The band left him behind and he moved back to LA, broke up with his then-girlfriend, stole money from the band and went on a rampage.
He told Rolling stone: ‘I was just a big fireball of chaos. I ran from my emotions and immersed myself in psychoticity. And love it. I have to scrape that bottom with my ass before I can save myself.”
It was the start of a darker decade in which Binzer repeatedly struggled with addiction.
He married Melissa Clark (pictured) in 2002 and had his first son, Halo. They divorced in 2011 and Binzer had another son, Gage, with a woman named Tracy and a third son, Phoenix, with Jasmine Lennard.
Throughout the 2000s, Binzer appeared on four celebrity reality TV rehab shows: Celebrity Rehab 1 and 2 and Sober House 1 and 2.
He repeatedly ran away, breaking his sobriety and being pulled back in, before eventually being told he could no longer participate in the show.
He married Melissa Clark in 2002 and had his first son, Halo. They divorced in 2011 and Binzer had another son, Gage, with a woman named Tracy and a third son, Phoenix, with Jasmine Lennard. Lennard is also known for his affair with Simon Cowell.
Benzer’s relationship with Lennard ended in 2012 when he was arrested after a Los Angeles store employee saw him fighting with his girlfriend and called the police.
When they arrived, he was searched and found to have cocaine on him.
He apologized to his friends and family for the embarrassment he caused them at the time and was sentenced to three years’ probation after entering no contest pleas in court on both counts.
In 2013, Lennard went to court to seek full custody of their son, claiming Binzer smoked crack in his presence and once left a crack pipe in the child’s room.
Lennard later called him an absent father The sun: ‘In the six years our son was alive, he didn’t contribute a single dollar. It feels like all he cares about in life is trying to get another hit.
‘He was asked to pay £500 a month but he said he was in debt to dental bills because he needed a ‘Hollywood smile’ because he was a musician and in the public eye.’
In 2022, he was arrested again for drunk driving in Los Angeles.
The former band members were plagued by issues with substance abuse, addiction and domestic violence over the years after the band split in 2003.
Binzer had many friends in the music world and revealed in 2001 that Red Hot Chili Peppers’ Anthony Kiedis had been a huge support when he relapsed after a bad breakup.
He told Rolling stone at the time: ‘Anthony found me and took me out to dinner – where I tried to borrow money from him so I could get high.

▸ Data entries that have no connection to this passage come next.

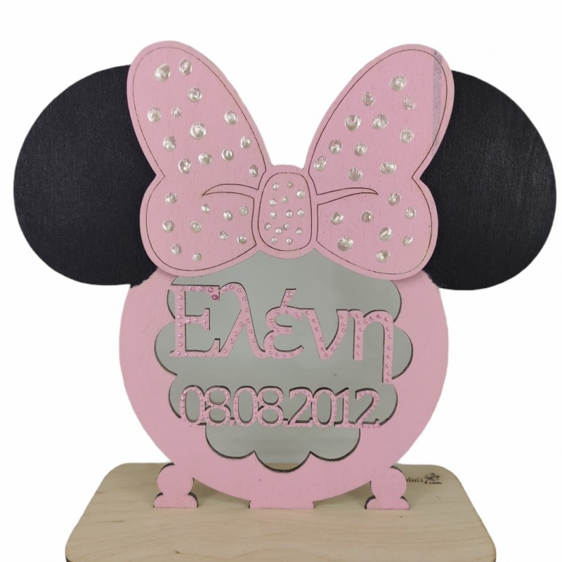 Ξύλινο stand με το όνομα και την ημερομηνία βάπτισης με θέμα τη minnie mouse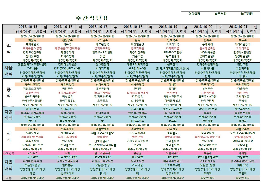 10월15일~10월21일 식단표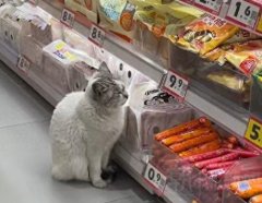 小猫定时蹲守火腿肠

“I didn’t complete my rampage for a few days, but he showed me that I had people who cared and cared about me. Anthony is this angel who showed up in my life.”
Binzer is the third member of Crazy Town to die young.
The former band members were plagued by issues with substance abuse, addiction and domestic violence over the years following the band’s breakup in 2003.
In March 2004, guitarist Rust Epique was found dead in his home of an apparent heart attack at the age of just 36, after reportedly leaving Crazy Town because he was too crazy for his bandmates.
After his death, Rolling Stone characterized him as a “notorious and beloved eccentric on the Hollywood music scene.”
Five years later, another bandmate, DJ AM, also died of an overdose at the age of 36.